### Your assignment
Retype each line below precisely and omit all images.

### Exercise data
[Start of section]

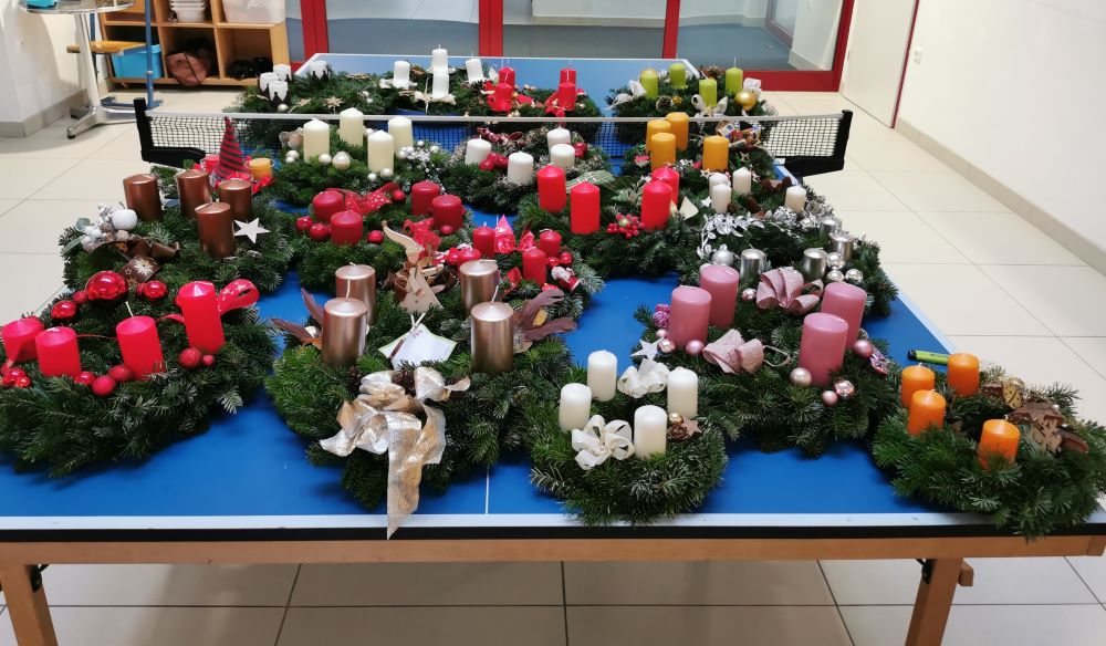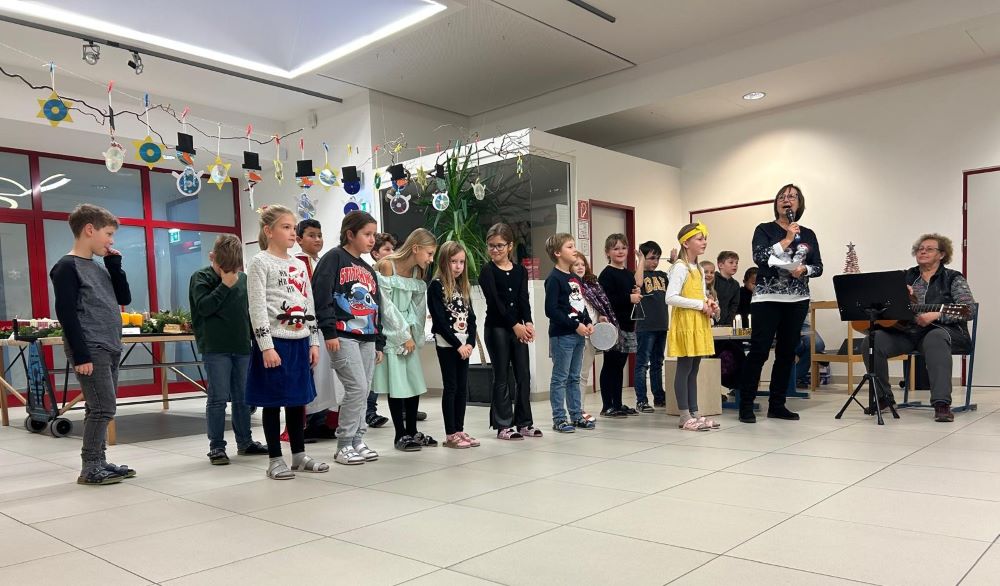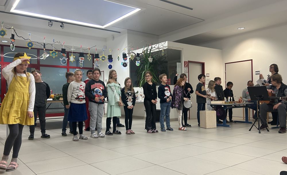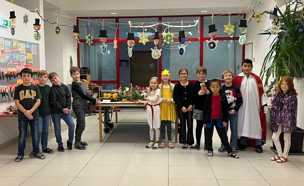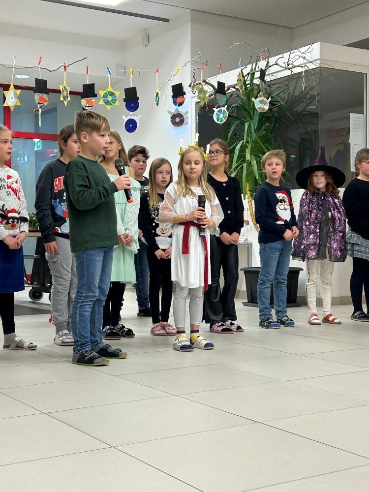 Am 29.11. fand der mittlerweile zur Tradition gewordene Adventmarkt bei uns in der Schule statt. Die 3. Klasse als Veranstalter hat sich lange darauf vorbereitet, im Unterricht wurde vielerlei gebastelt und Kekse gebacken, an 2 Nachmittagen stellten Eltern mit den Kindern gemeinsam in der Schule ebenfalls viele schöne Sachen her. Wie auch schon in den Jahren davor dekorierten unsere freiwilligen Helferinnen Andrea Dentinger und Marianne Peska mit großer Leidenschaft Adventkränze und Gestecke. Zur Eröffnung des Marktes präsentierten die Kinder die musikalische Reise eines kleinen Engels, der sich auf die Suche nach Advent- und Weihnachtsbräuchen in verschiedenen Ländern machte.
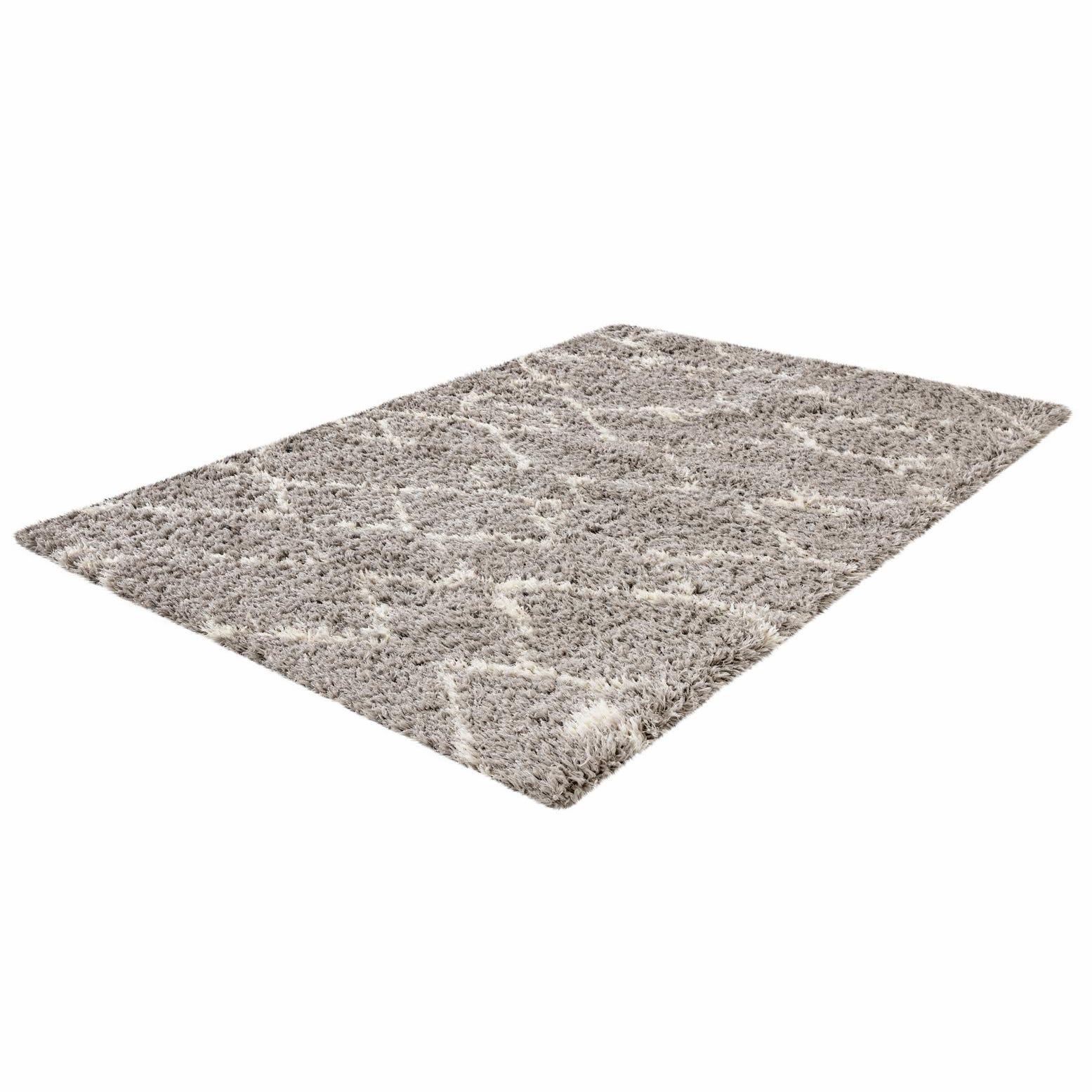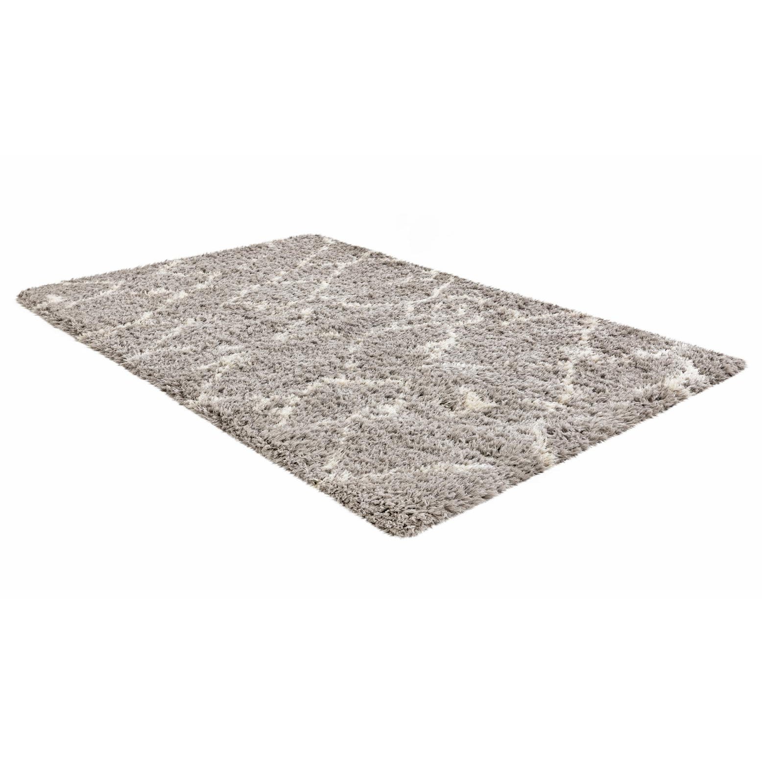 A 5x8 rectangular gray shag rug with a modern white geometric pattern, perfect for a living room.
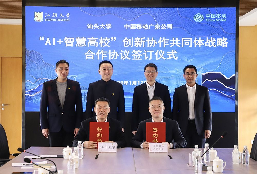 1月12日,汕头大学与中国移动广东公司正式签署“AI+智慧高校”创新协作共同体战略合作协议。汕头大学党委书记唐锐,党委常委、副校长喻洪,中国移动广东公司党委书记、总经理葛松海,党委委员、副总经理周忠坤,中国移动广东公司汕头分公司党委书记、总经理杨勇等领导出席活动。活动由喻洪主持。

[End of section]

### Final answer
 Am 29.11. fand der mittlerweile zur Tradition gewordene Adventmarkt bei uns in der Schule statt. Die 3. Klasse als Veranstalter hat sich lange darauf vorbereitet, im Unterricht wurde vielerlei gebastelt und Kekse gebacken, an 2 Nachmittagen stellten Eltern mit den Kindern gemeinsam in der Schule ebenfalls viele schöne Sachen her. Wie auch schon in den Jahren davor dekorierten unsere freiwilligen Helferinnen Andrea Dentinger und Marianne Peska mit großer Leidenschaft Adventkränze und Gestecke. Zur Eröffnung des Marktes präsentierten die Kinder die musikalische Reise eines kleinen Engels, der sich auf die Suche nach Advent- und Weihnachtsbräuchen in verschiedenen Ländern machte.
 A 5x8 rectangular gray shag rug with a modern white geometric pattern, perfect for a living room.
 1月12日,汕头大学与中国移动广东公司正式签署“AI+智慧高校”创新协作共同体战略合作协议。汕头大学党委书记唐锐,党委常委、副校长喻洪,中国移动广东公司党委书记、总经理葛松海,党委委员、副总经理周忠坤,中国移动广东公司汕头分公司党委书记、总经理杨勇等领导出席活动。活动由喻洪主持。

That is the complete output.